So, why be optimistic about the outlook for precious metals?

First up I suppose the crash in bitcoin and the other 1,200 so-called cryptocurrencies is one reason to buy precious metals, if only because the buying mania of the past few months definitely depressed the gold price, which got as high as $1,350 last summer in comparison to its 2017 closing price of $1,305.

Conversely, as bitcoin bit the dust between Christmas and the New Year gold prices suddenly sprinted up $50 at a time of year when not much usually happens to prices.

Last month, I opined that gold could 'do a bitcoin' in 2018 and also suddenly take off into a massive price spike.

In the past, such investment mania sell-offs of speculative ‘assets’ always led to a switch into precious metals.

If you look at the multi-year price chart for gold, then it is nicely positioned for a bitcoin-style final price spike to finish this super bull market than the early 2000s when gold was around $300 an ounce.

But under what sort of conditions would the general public and investment community flock to buy gold?

The last time this happened was in 1979 to1980, after a decade of steadily rising gold prices, apart from the nasty 50 per cent correction in 1975 to 1976, not unlike the 2011 to 2015 pull back.

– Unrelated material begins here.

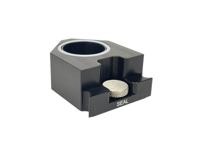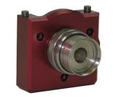Optic Cartridge for with provision for TLC Focus Lens. Upper and Lower Seals permit X-Y Cartridge Adjustment while sealing the beam path from contamination. Hardened Steel inserts provide precise relocation of cartridge. A Stainless Steel Thumbscrew locks the cartridge in place.

Then it was a combination of runaway US retail price inflation at 18 per cent, and the American hostage crisis in Tehran after the Iranian Revolution, that catapulted gold prices up 400 per cent in a year. The US dollar was also in a complete mess.

Remember that last year was the dollar’s worst year since 2003. It came off a 14-year high and so could well have a lot of downside to come as Donald Trump’s tax plans pile up US debts. Gold and the US dollar generally move in opposite directions.

Inflation is low, though we do have asset price hyperinflation with the Dow Jones Index up 25 per cent last year. Is this an achilles heel?

However, if history is any guide then gold won’t really power ahead in 2018 absent a major geopolitical event. That said there is no shortage of potential catastrophes out there.

President Donald Trump is far more aggressive in his rhetoric than his predecessor and North Korea is a potential flash point. You also do not have to be very creative to think of unexpected crises that could emerge in the Middle East.

There are even serious commentators who think moves to back the dollar or yuan with gold this year could send gold to $10,000 an ounce, as this column discussed last month.

But most probably the thing to watch for is the obvious oversized gorilla sat in your living room: stock, bond and real estate market valuations are very stretched by ultra-low interest rates that are now on the verge of moving up.

I say ‘on the verge of moving up’ because the Federal Reserve’s recent interest rate hikes have not been reflected in 10-year US Treasury yields. When, and not if, that happens watch out for serious corrections in all three major asset classes.

Now where does the smart money go as a safe haven in such crises? Precious metals can get sold off with everything else as they were in 2008, but they always rebound fastest and show the quickest growth thereafter.

Indeed, precious metals are often sold as an insurance policy against a rainy day in other major asset markets.

Perhaps that is the real reason to be optimistic about higher gold and silver prices this year; after such a strong performance in 2017, safe haven insurance will be in demand.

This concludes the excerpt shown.